Jordan Loveridge, former Utah Ute, plays in a Powder League basketball game at American Preparatory Academy in Draper on Friday, June 25, 2021. The former West Jordan High and University of Utah basketball star just finished his fifth season of pro basketball in Europe.

Kristin Murphy, Deseret News

The very first recruiting visit that former University of Utah basketball coach Larry Krystkowiak made after getting the job in April 2011 was a short drive to West Jordan to watch a rising senior by the name of Jordan Loveridge.

The 6-foot-6 phenom had been dominating Utah schoolboy hoops and shined on the AAU summer circuit, but Krystkowiak’s predecessor, Jim Boylen, had told Loveridge the previous year that he wasn’t good enough to play for the Utes when they entered the Pac-12, and hadn’t offered him a scholarship. BYU and other schools in the West had.

Krystkowiak obviously saw things differently, offered Loveridge a scholarship, landed a commitment a few months later and eventually helped him flourish in the Pac-12.

It is no wonder, then, that Loveridge had Krystkowiak’s back recently when asked to weigh in on the Runnin’ Utes’ coaching change. Krystkowiak was fired in March and replaced by Utah State coach Craig Smith.

“Coach K, I think he did a good job, as far as I could see,” Loveridge said. “It is tough. The Pac-12 is a tough league to be in. In my opinion, he did a great job up there. It is a tough league and it is a business. Sometimes you have to move on. That’s how it goes, and I am sure that Coach will be fine with whatever he does next.”

Loveridge, who left Utah in 2016 to pursue a professional career overseas, is playing in the Powder League summer pro-am basketball circuit at American Preparatory Academy in Draper and recently spoke at length with the Deseret News about a variety of topics, including the way he is carving out a nice living for himself and his young family in Europe.

But before talking about himself, he wanted to give Krystkowiak and Smith a couple of shoutouts.


Utah Utes forward Jordan Loveridge and coach Larry Krystkowiak talk on the sideline during game against Colorado Saturday, March 1, 2014, in Salt Lake City.

Tom Smart, Deseret News

“I have heard great things about the new coach (Smith),” Loveridge said. “I don’t know him too well. As for Larry, I would like to thank him for all that he did for me and for the Utah basketball team. I hope they do great with the new coach. I wish them all the best.”

Loveridge recently completed his fifth season playing overseas and is “back home” in Utah for a couple of months with wife Kylie (a former Southern Utah University volleyball player) and son Kingston while he figures out his next step.

He played in the Korisliiga, the highest level of basketball in Finland, last season for a team from Lapua called Kobrat.

“It’s the top league in Finnish basketball, and it was a good experience,” Loveridge said. “I don’t know if I will go back or not. But I will be somewhere in Europe, for sure.”

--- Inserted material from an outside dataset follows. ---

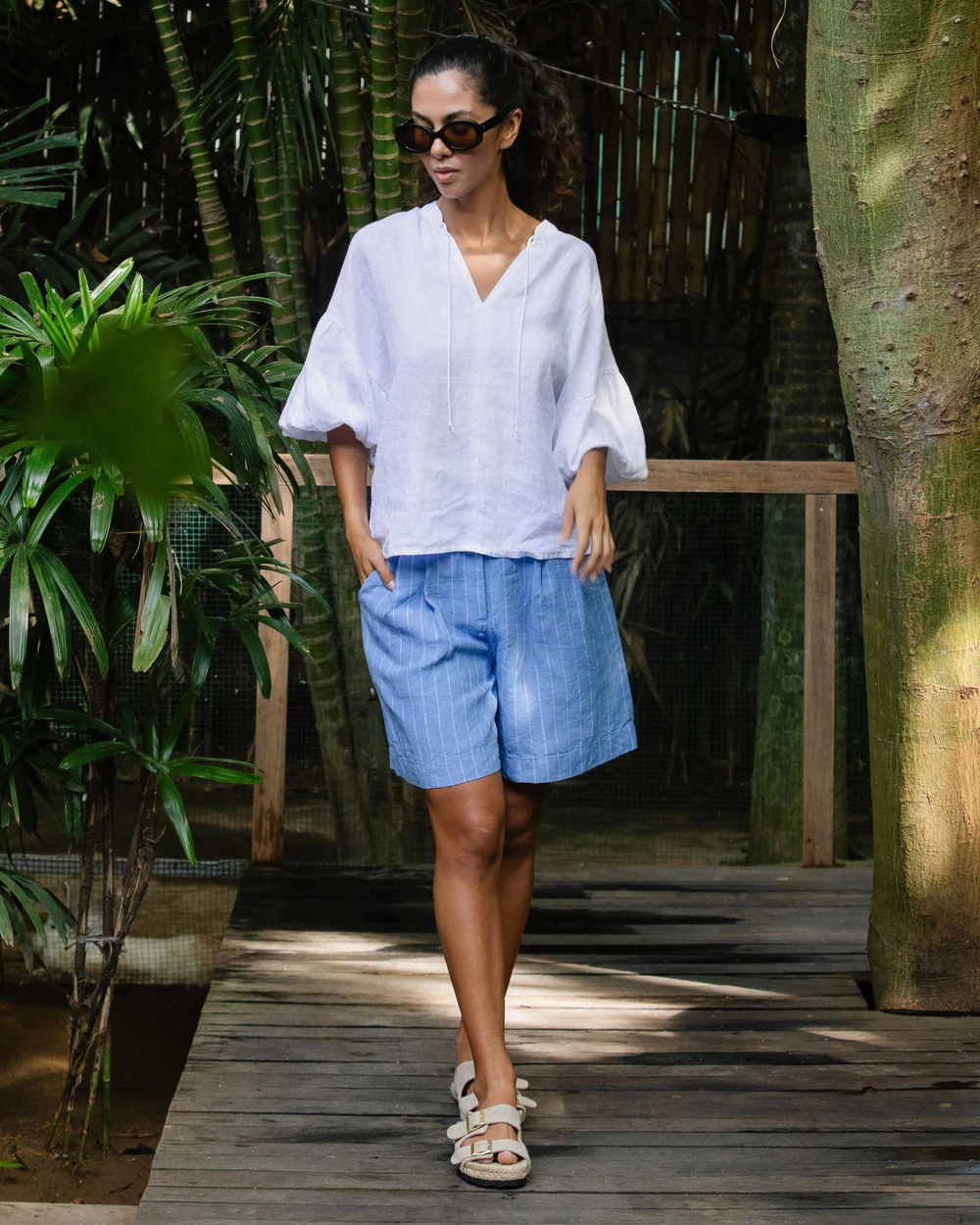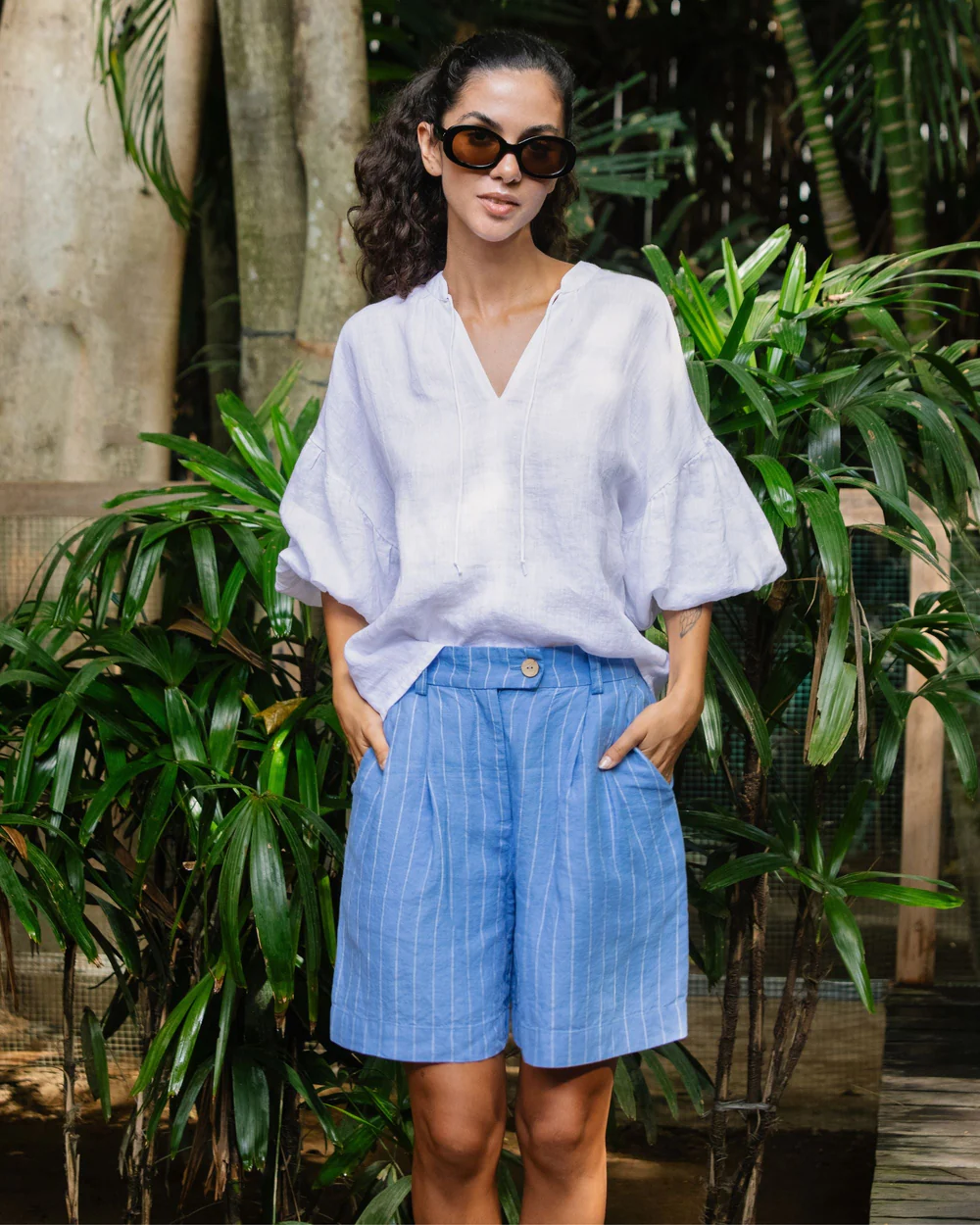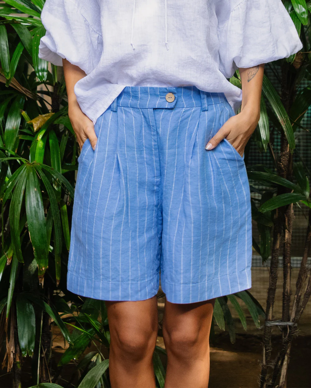 The blue striped linen high – waist shorts are a charming creation that seamlessly combines summery nautical vibes with understated sophisticated style. Their high – waist fit is designed to offer a sense of elegance while still maintaining a comfortable feel. The linen fabric, with its inherent breathability and soft handfeel, not only keeps you cool in scorching temperatures but also adds a touch of natural texture and lightness. The button and zipper closure at the front is a standout feature, providing a secure fit and a polished, put – together aesthetic.Small details enhance their allure: the neatly finished hems, the crisp blue and white stripe pattern, and the way they sit gracefully on the hips all contribute to a refined appearance. The nautical – inspired design is versatile and timeless, pairing effortlessly with a wide range of tops. For a laid – back beach day look, pair them with a white linen tank top, a straw hat, and flip – flops. To elevate the style for a casual lunch date, opt for a light blue linen blouse, a delicate gold necklace, and espadrilles.When it comes to layering, these shorts work well too. Pair them with a lightweight denim jacket or a striped cardigan on cooler summer evenings, and the high – waist design ensures they still fit comfortably and look stylish. No matter how you choose to wear them, these shorts’ comfortable fabric, versatile design, and charming details make them an essential addition to any summer wardrobe, capable of transforming simple outfits into effortlessly stylish ensembles that are perfect for both beach outings and urban adventures.

Loveridge has now played professionally in Hungary, Switzerland, Germany, Poland, Austria and Finland. He’s enjoyed them all, he said, although there were some uncertainties about getting paid in Hungary because the team he played for had some financial difficulties.

“Basketball overseas is a little different,” he admitted. “The game is different. But once you get used to it, it is good. Once you get used to the professional level, and realize that everyone is good and everyone can play, you (thrive). It is fun. I’ve had a fun career so far.”

Loveridge said the first few years were tough when he lived by himself, but now Kylie and Kingston live with him abroad and life is much better.

“It has been a great time traveling and seeing Europe,” he said. “There are some really good leagues that will pay guys (decently) and take care of guys.”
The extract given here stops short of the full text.